The right to repair is a legal concept that allows you and other third-party service providers to repair and modify your devices. Many manufacturers are attempting to take this right away from consumers and some have already done so by restricting the availability of parts and hardware used in the manufacture, so the consumers are forced to return the device to have it repaired. This of course gives them the power to charge an arbitrary sum of money for the service as they are the sole provider. It also forces the customer to ship the device to the manufacturer’s service outlets which may be expensive if there is none in their area. But most importantly, it takes a fundamental freedom of ownership of the device from the user. The user is not allowed to modify or repair a device they purchased or take it to a third-party provider such as computer repairs Smithfield.

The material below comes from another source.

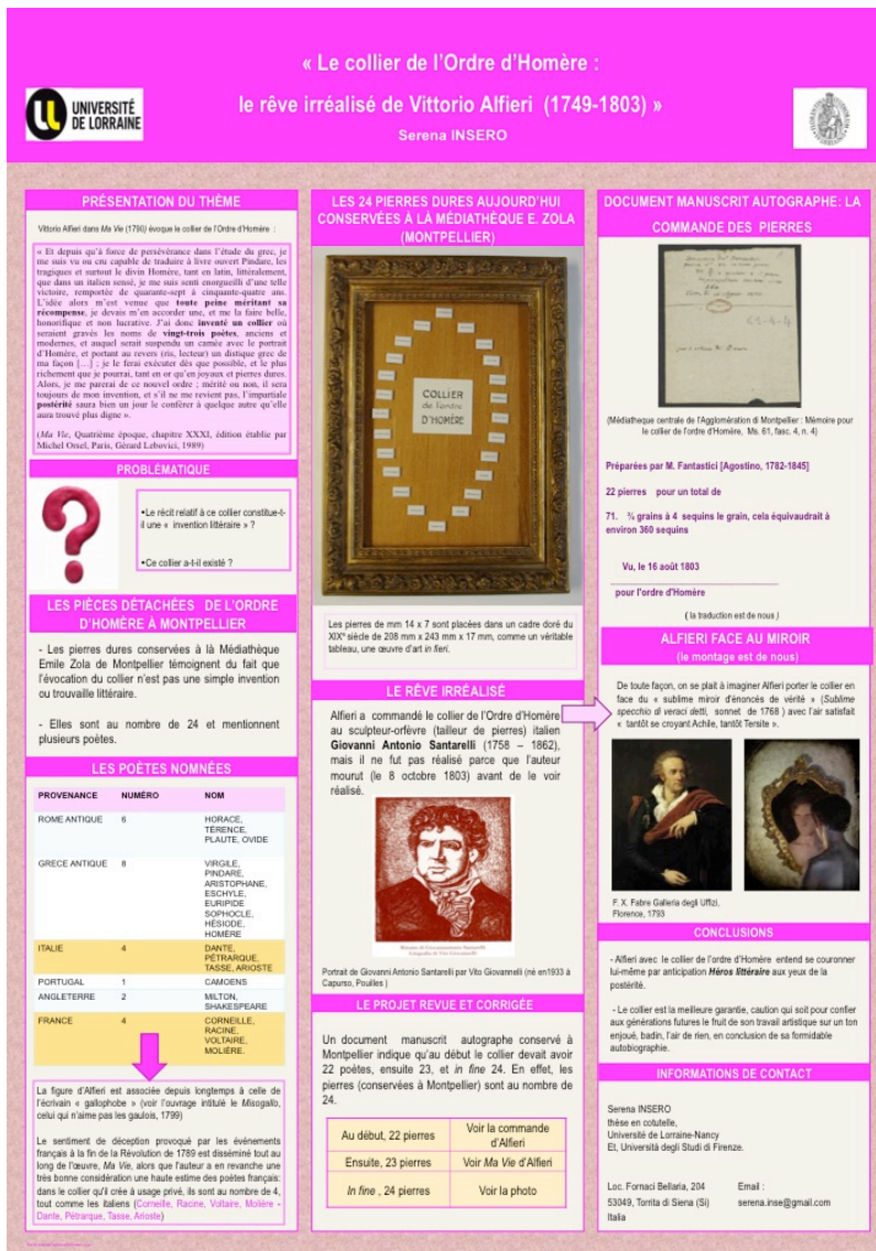
Poster sulla Collana dell'Ordine di Omero (Nancy, 2014).

This has been met with heavy criticism although many companies still lobby governments and exercise they corporate power to take away your right to repair your own devices.

Although this article will focus on digital devices and computers, this is also applicable to vehicles, appliances and basically any hardware that is commercially available. Although the issue began in the 1950s relating to computers, it gained traction as auto manufacturers began to impose similar restrictions on vehicle repair. Today, companies like Tesla and John Deere impose software locks on their vehicles which force owners to visit an authorised repair centre or risk having their vehicle disabled via software. This heavily impacts farmers who rely on John Deere tractors and farming equipment for their livelihood and may not have the time or the resources to have it repaired by an authorised service centre, especially if there are none in the area.

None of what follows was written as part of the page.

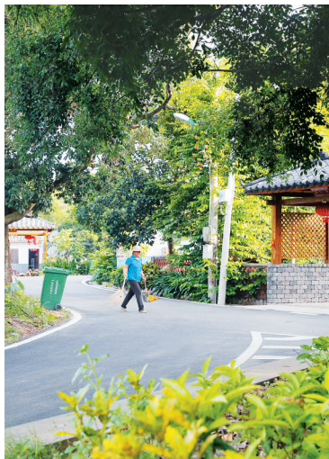
儋州市那大镇洛南村委会力作村干净整洁。
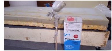
Εικόνα 21. Τοπ. Αφρολ 2 κάθισμα

One of the primary issues with the lack of right to repair is that it essentially bars small electronics stores from participating in the economy via repair services. Many small businesses can repair devices faster and at a much lower cost than authorised service centres as they are available almost anywhere and are open to operating in unconventional hours or devices. Moreover, with access to the exact hardware in the devices, they can perform small repairs for small fees. However, with manufacturers like Apple preventing their suppliers from selling to third parties, a device with an issue in a small component in its motherboard would need the entire board replaced as the component is no longer sold separately. This allows manufacturers to restrict the right to repair without legally banning it. Therefore, advocates for the right to repair propose legally enforcing the right to repair by preventing manufacturers from forcing their suppliers to agree to exclusivity arrangements as well as preventing them from software-locking the functionality of the device if it detects third party hardware.

Many see this infringement of the right to repair as an effort to move from companies selling devices to companies selling the right to use the devices, similar to the software as a service model.